First of all, I think this issue sets a good example of how bugs should be reported and dealt with. Second of all, i would very much like to distance myself from this divisive language of "my issue" and who's more important. This bug affects all of us, all klipper users, stop insinuating it's something i'm doing for personal gain. I didn't need to be here, i didn't need to invest the time in reporting this, i did that to contribute to klipper in the spirit of open software.
I honestly don't understand what you're getting at. The link you quote here contains exactly this directive, once at the beginning of the text and again at the end.
In the end, you should have the honesty to say: I knew the rule, I don't like it and I don't agree with today's process because I think the concern / topic is important enough. Arguing in an agitated manner that you have decided to ignore it seems a bit pathetic.
And to emphasise it again: This is completely independent of the content and potential gravity of the issue. And also again, if it is confirmed, then it is a brilliant contribution to Klipper and my full respect for it.
@Sineos Did you just call me pathetic? Seriously?
My position remains that directing to one place does not prohibit the other place, if you want that to be the case, state clearly and explicitly that creating Github issues is prohibited and turn off issues entirely since they serve no purpose. Consider a proper CONTRIBUTION file explicitly detailing your "policies". None of that one section in the docs currently constitutes a rule which somehow makes it wrong to use the correct tool for the job.
I will not argue with you any further, you're clearly unable to have a civil discussion and you're completely derailing this issue.
Kevin knows this section of code far better than I, but I may have located the cause for the discrepancy.

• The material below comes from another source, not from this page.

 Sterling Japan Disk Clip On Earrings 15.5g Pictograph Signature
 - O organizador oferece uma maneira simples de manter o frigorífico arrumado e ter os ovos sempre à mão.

It appears that MCU_endstop.home_wait()
returns the trigger time, however it does not seem to account for oversampling. Perhaps a patch similar to the following would correct the issue:
diff --git a/klippy/mcu.py b/klippy/mcu.py
index 1122ff865..54aace22a 100644
--- a/klippy/mcu.py
+++ b/klippy/mcu.py
@@ -294,6 +294,7 @@ class MCU_endstop:
self._home_cmd = self._query_cmd = None
self._mcu.register_config_callback(self._build_config)
self._rest_ticks = 0
+ self._oversample_ticks = 0
self._dispatch = TriggerDispatch(mcu)
def get_mcu(self):
return self._mcu
@@ -324,9 +325,11 @@ class MCU_endstop:
clock = self._mcu.print_time_to_clock(print_time)

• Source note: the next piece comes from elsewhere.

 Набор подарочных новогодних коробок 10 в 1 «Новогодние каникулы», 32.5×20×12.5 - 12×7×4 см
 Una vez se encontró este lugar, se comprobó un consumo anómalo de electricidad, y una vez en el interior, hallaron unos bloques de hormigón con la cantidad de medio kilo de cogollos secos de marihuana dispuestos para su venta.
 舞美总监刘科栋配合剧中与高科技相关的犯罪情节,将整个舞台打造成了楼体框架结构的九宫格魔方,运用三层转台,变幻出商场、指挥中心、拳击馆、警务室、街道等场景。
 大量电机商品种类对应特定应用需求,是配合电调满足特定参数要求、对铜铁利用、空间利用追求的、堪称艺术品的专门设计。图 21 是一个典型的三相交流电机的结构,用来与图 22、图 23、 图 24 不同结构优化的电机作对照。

rest_ticks = self._mcu.print_time_to_clock(print_time+rest_time) - clock
self._rest_ticks = rest_ticks
+ sample_ticks = self._mcu.seconds_to_clock(sample_time)

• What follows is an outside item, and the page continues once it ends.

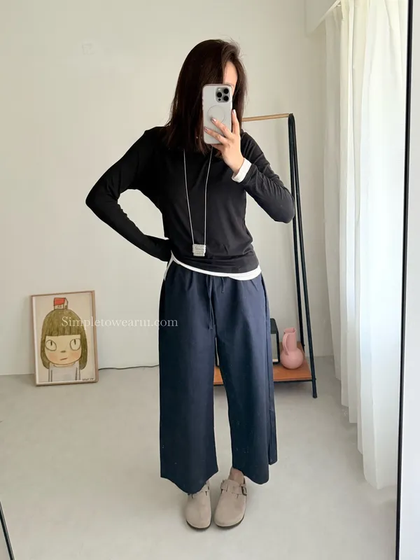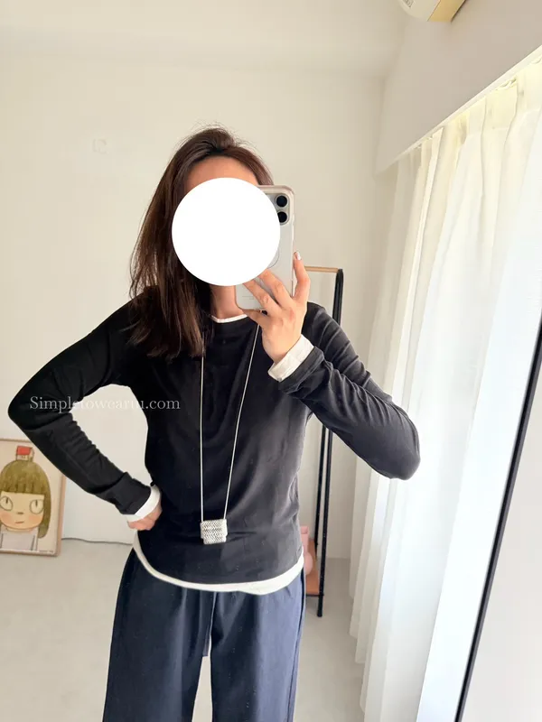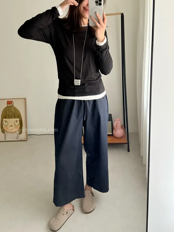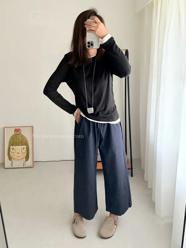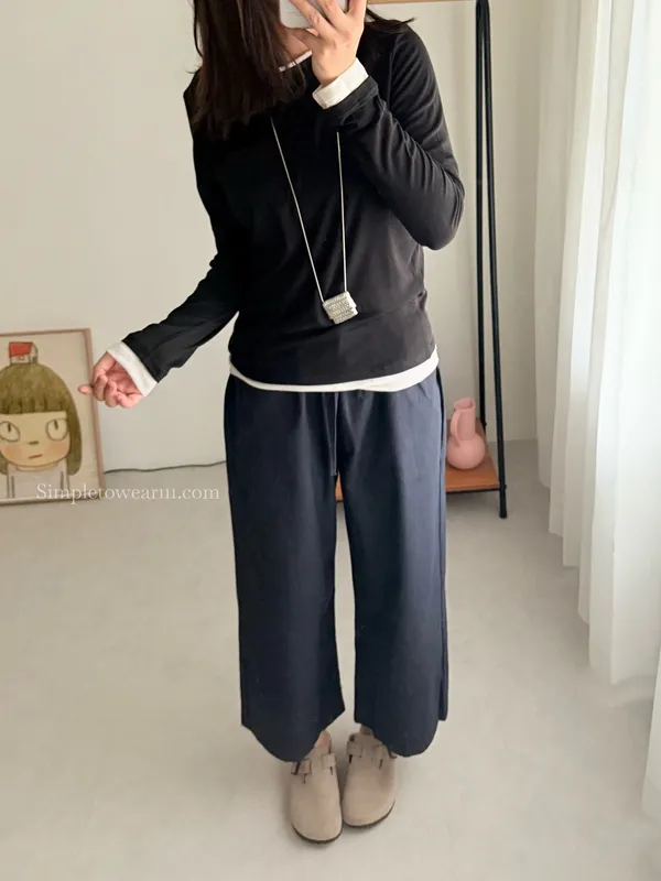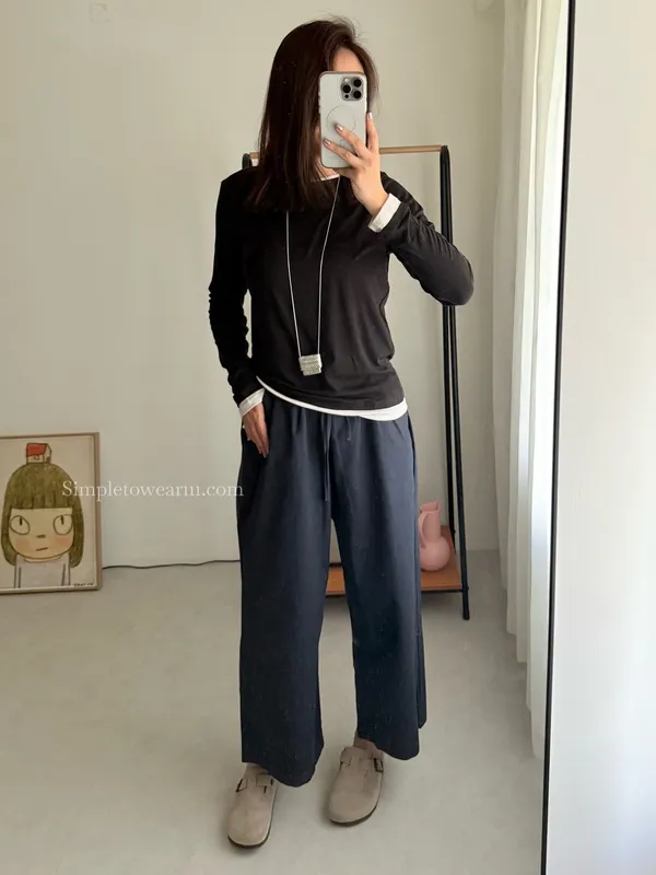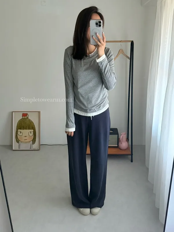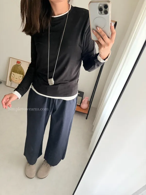 TH家 薄料撞色長袖素TEE (灰/黑)

+ self._oversample_ticks = sample_ticks * (sample_count - 1)
trigger_completion = self._dispatch.start(print_time)
self._home_cmd.send(
- [self._oid, clock, self._mcu.seconds_to_clock(sample_time),
+ [self._oid, clock, sample_ticks,
sample_count, rest_ticks, triggered ^ self._invert,
self._dispatch.get_oid(), MCU_trsync.REASON_ENDSTOP_HIT],
reqclock=clock)
@@ -344,7 +347,9 @@ class MCU_endstop:
return home_end_time
params = self._query_cmd.send([self._oid])
next_clock = self._mcu.clock32_to_clock64(params['next_clock'])
- return self._mcu.clock_to_print_time(next_clock - self._rest_ticks)
+ return self._mcu.clock_to_print_time(
+ next_clock - self._rest_ticks + self._oversample_ticks
+ )
def query_endstop(self, print_time):
clock = self._mcu.print_time_to_clock(print_time)
The above is completely untested, just posted to illustrate what I believe may be causing the issue.
@Arksine Was away for quite a while, dealing with a fever, but i just read through the mcu.py code and this seems like it should do the trick. If i'm not missing something, it would make difference between trig_pos
and halt_pos
equal on single-mcu probe moves, while still reflecting the "oversteps" caused by the up to 25ms delay in communication on multi-mcu probe moves, right?
Good catch, man! 👏
@Sineos Just to round this issue out I have created a klipper discourse topic. Hopefully this bug can get some attention and spur an additional look at the z probing code and logic. In the beacon support forums we see a lot of really odd z probe and offset behavior that doesn't seems to make a lot of sense.
@miklschmidt, I'm pretty sure you know the rules of the Klipper project regarding GH issues, since you've been hanging around here long enough. While I fully agree that this finding, if validated, could indeed be significant, and you certainly have my appreciation for this report, it ultimately does not change anything in terms of general policy.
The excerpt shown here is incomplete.